-- What this task involves --
Output the lines from the top of the entries below to the line with "Our tray bakes", both included, exactly and without pictures.

|---|

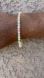 Elevate your style with this gold and Opalite beaded bracelet. This elegant piece features shimmering opalescent beads paired with a gold-fill one inch extended chain, perfect for any occasion.
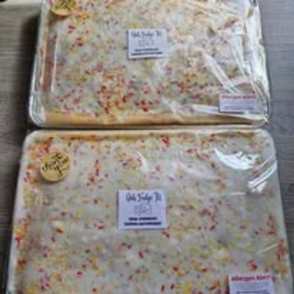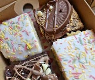 Our tray bakes are approx in 2" x 2" individual pieces or a tray 12" x 8".
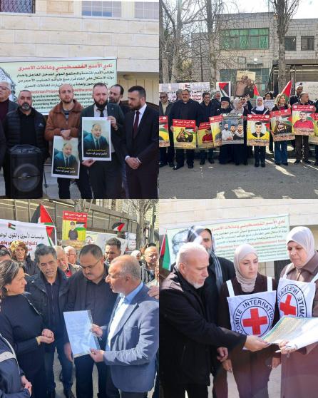 وقفات في الضفة أمام مقار الصليب الأحمر للمطالبة بالضغط لاستئناف الصليب زيارة الأسرى المتوقفة منذ الإبادة
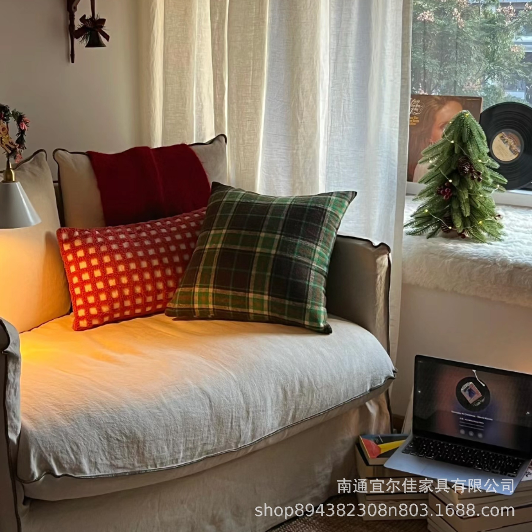 寂風豆腐ブロックリネンソファ北欧リビング直列コーナー綿麻モジュールセット羽毛ソファ
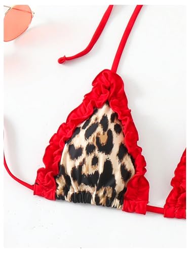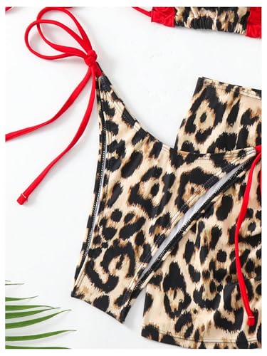 • Features: 3 piece swimsuits for women, cheetah print, colorblock, ruffle trim, triangle cup, halter neck, sleeveless, spaghetti strap, tie back, backless, with drawstring beach skirt
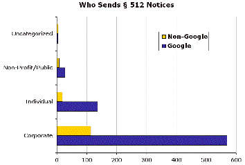[9] A relatively high number, 35%, of Google notices are coded “unclassifiable” or “no information,” with respect to sender characteristics. This is because 512 notices do not always contain a great deal of detail. Given this, it may be that percentages are not entirely accurate across the data set.
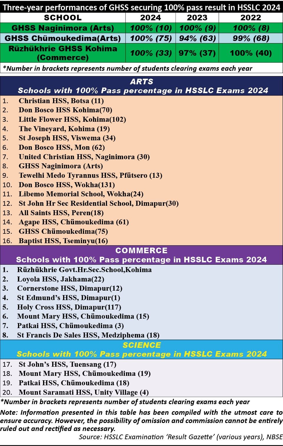 These schools were GHSS Naginimora and GHSS Chümoukedima in Arts stream, and Rüzhükhrie GHSS Kohima in Commerce.
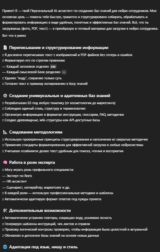 Создаёт структурированные Базы знаний для нейро-сотрудников
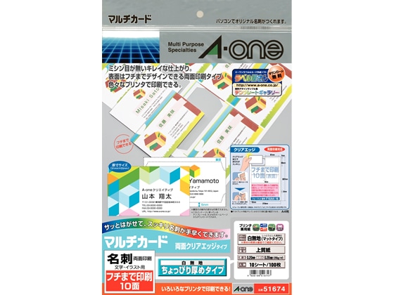 エーワン 名刺用マルチカード ちょっぴり厚口 A4 10面 10枚 1冊(ご注文単位1冊)【直送品】
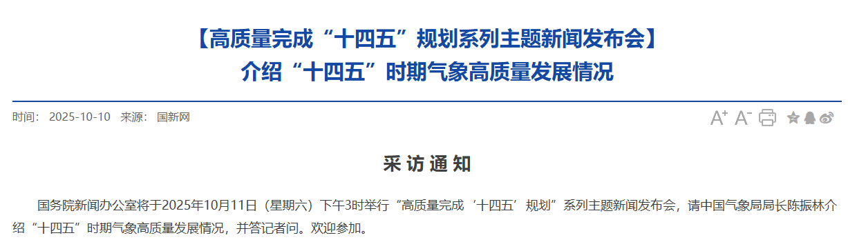 國(guó)務(wù)院新聞辦公室將于2025年10月11日(星期六)下午3時(shí)舉行“高質(zhì)量完成‘十四五’規(guī)劃”系列主題新聞發(fā)布會(huì),請(qǐng)中國(guó)氣象局局長(zhǎng)陳振林介紹“十四五”時(shí)期氣象高質(zhì)量發(fā)展情況,并答記者問。
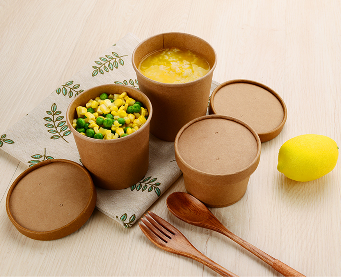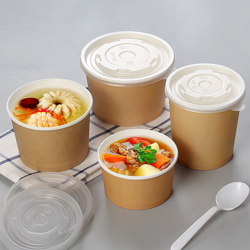 Disposable kraft paper soup salad bowl cups 16 oz with paper lid
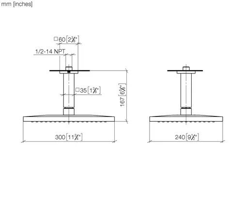 Dornbracht regendouche met plafondaansluiting, regendouche 300x240mm, FlowReduce, debiet 12 l/min
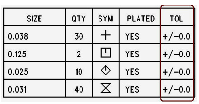如果您的孔公差為零(請參見下文),那么Advanced Circuits將假定您沒有使用我們的默認孔公差。 上面列出了我們的默認孔公差。
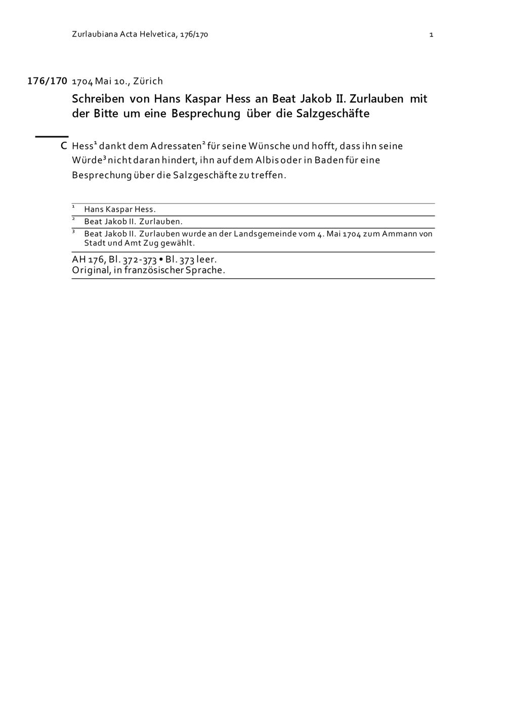 Schreiben von Hans Kaspar Hess an Beat Jakob II. Zurlauben mit der Bitte um eine Besprechung über die Salzgeschäfte
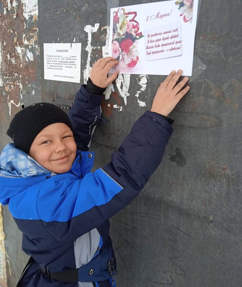 В нашей школе существует давняя традиция поздравлять жителей города с главными праздниками любимой страны! Женский день, 8 марта, не стал исключением! Учителя, дети и их родители снова приняли участие в акции «Праздничное настроение», развесив открытки на подъездах жилых домов. Думаем, наши поздравления ещё больше подняли настроение в этот замечательный весенний день! С 8 марта!!!
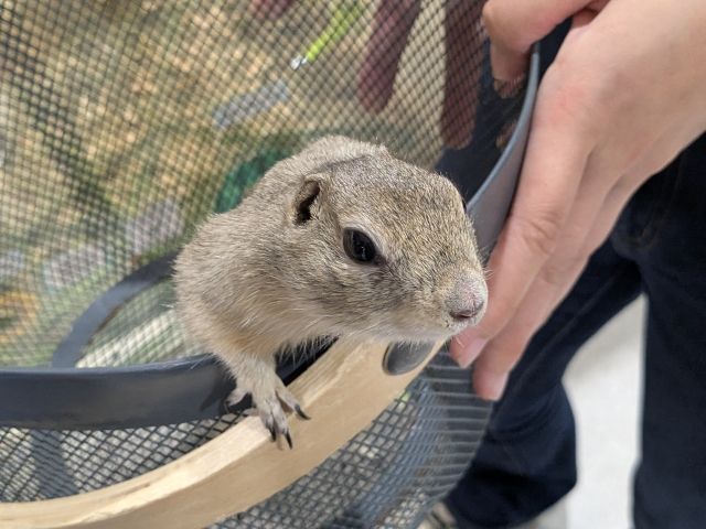しばらくすると、先ほどぽっちゃりしていたリチャードソンジリスのふれあいタイム。カゴに入ったジリスを無料でさわることができます。動きが素早く、写真撮るのに苦戦していると、お姉さんががんばってこちらに向けてくれました。
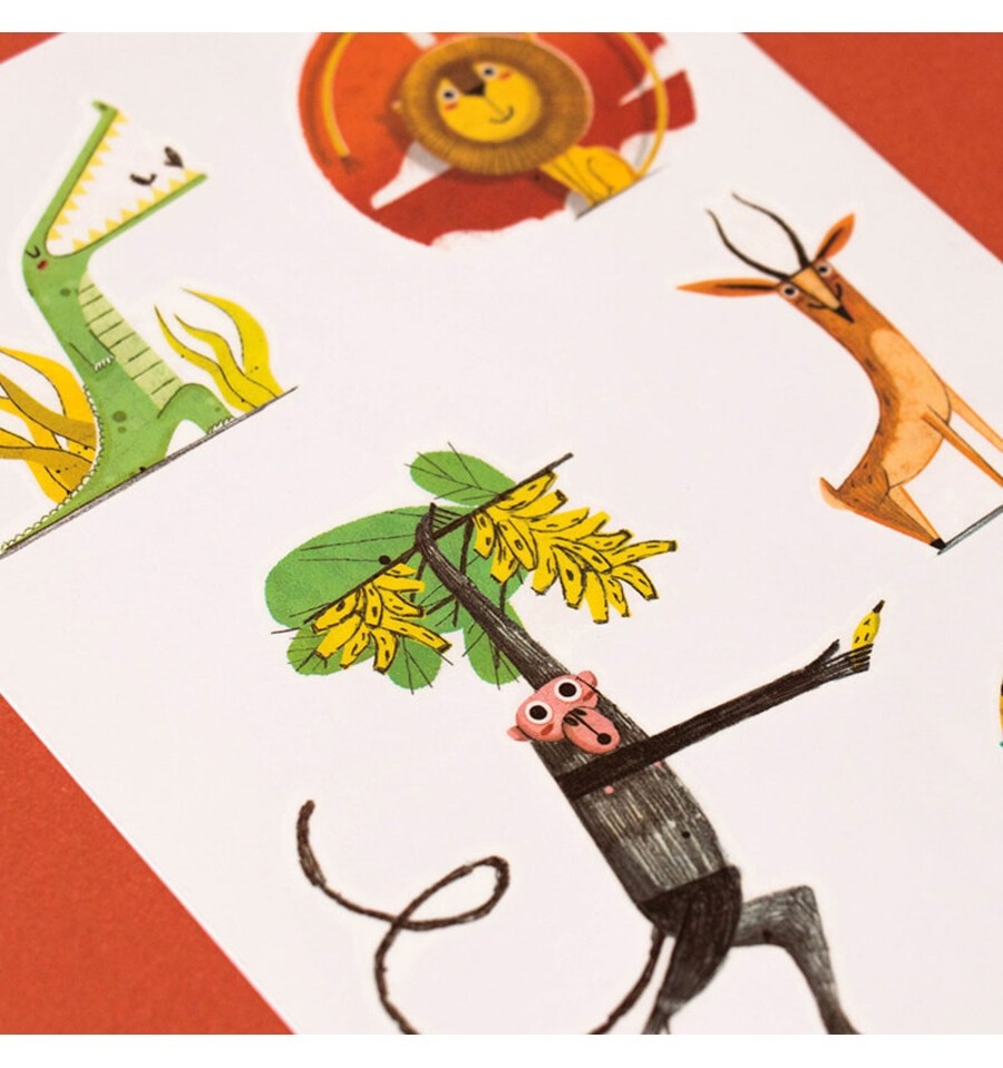 Lions, zebras, giraffes, and gazelles... 10 stickers of our friendly jungle friends.
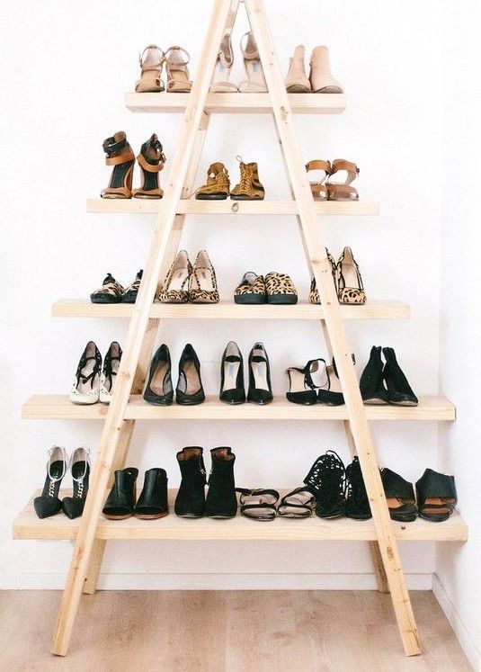 Stapla skorna på höjden så blir de en kul inredningsdetalj i pyramidform. Källa
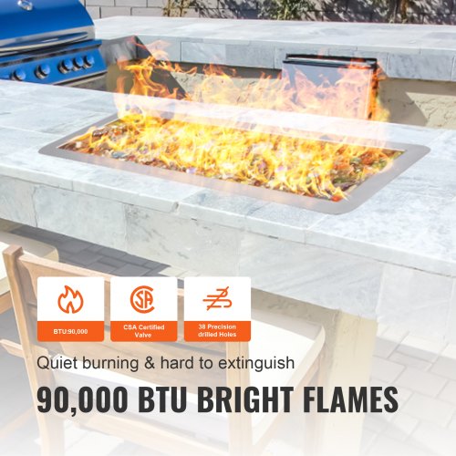 VEVOR Braciere da Incasso 152,4 mm x 457,2 mm, Kit Bruciatore per Braciere in Acciaio Inossidabile, Braciere a Gas Naturale Propano Potenza 90000 BTU per Uso Interno Esterno, Kit Bruciatore Braciere
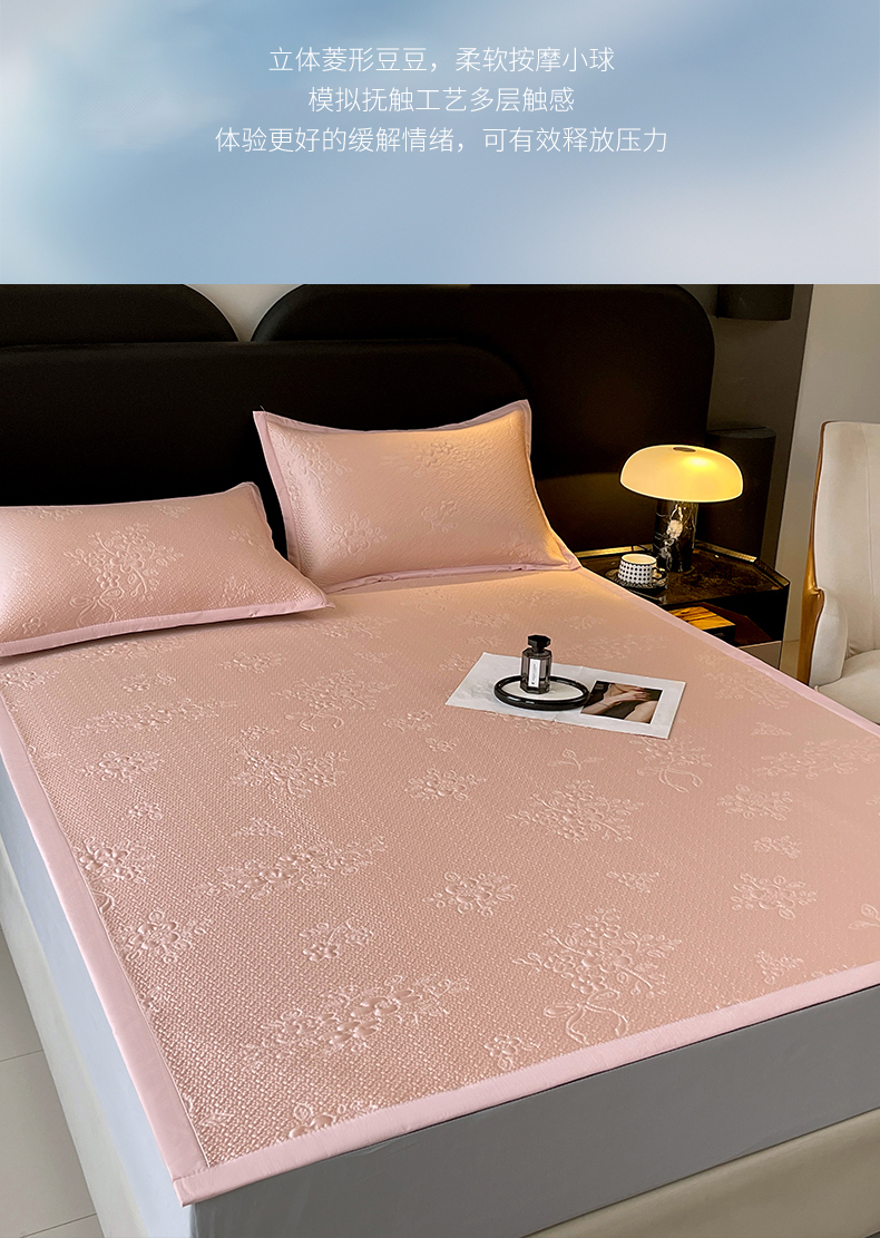 (总)春皖家纺 2026新款提花浮雕冰豆豆凉感席三件套-浅夏花结
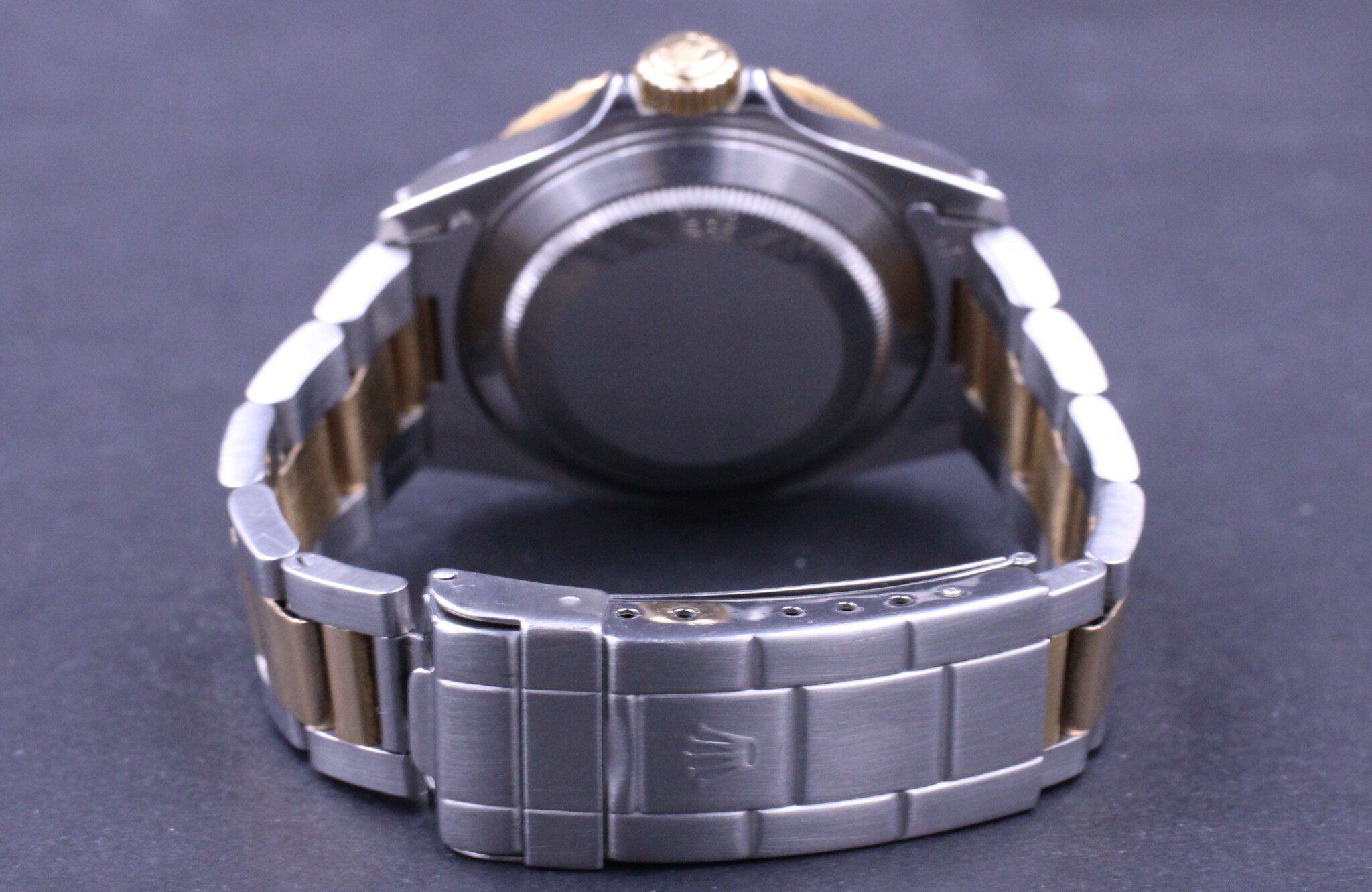 Lækker Rolex Submariner, ref. 16613 udført i guld og stål fra 1990 (E-Serie, serienr. E9xxxxx). Uret er i pæn stand og klar til brug, sidst serviceret i 2019.
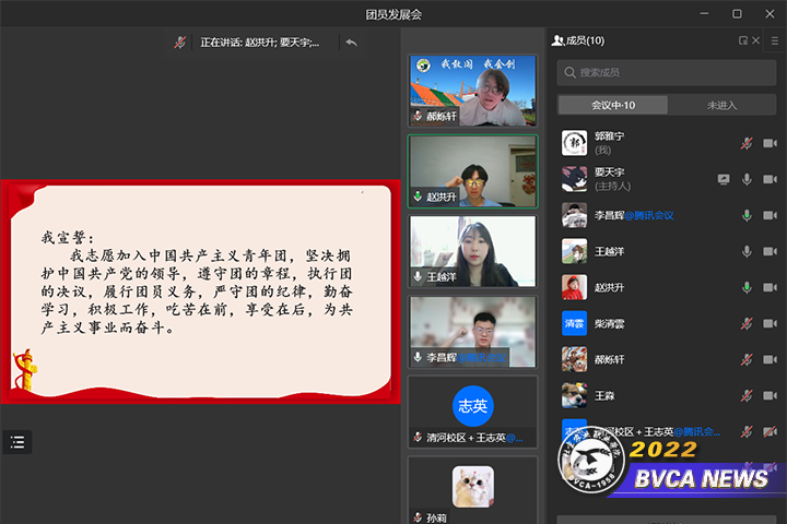 受疫情影响,本次入团仪式采用线上形式。会前一周,团总支老师与装备2111班团支书共同设计发展仪式,反复排练流程,力求让新团员感受到线上发展会同样庄重。会上,李昌辉、王越洋、赵洪升三名同学,分别宣读了《入团志愿书》,在介绍人介绍意见后,全票通过。辅导员王志英老师和班主任孙莉老师对新团员的加入表示了祝贺,并勉励他们要在日后的学习、工作中更加努力,要有更高的追求。

|---|

-- Response to this task --
 Elevate your style with this gold and Opalite beaded bracelet. This elegant piece features shimmering opalescent beads paired with a gold-fill one inch extended chain, perfect for any occasion.
 Our tray bakes are approx in 2" x 2" individual pieces or a tray 12" x 8".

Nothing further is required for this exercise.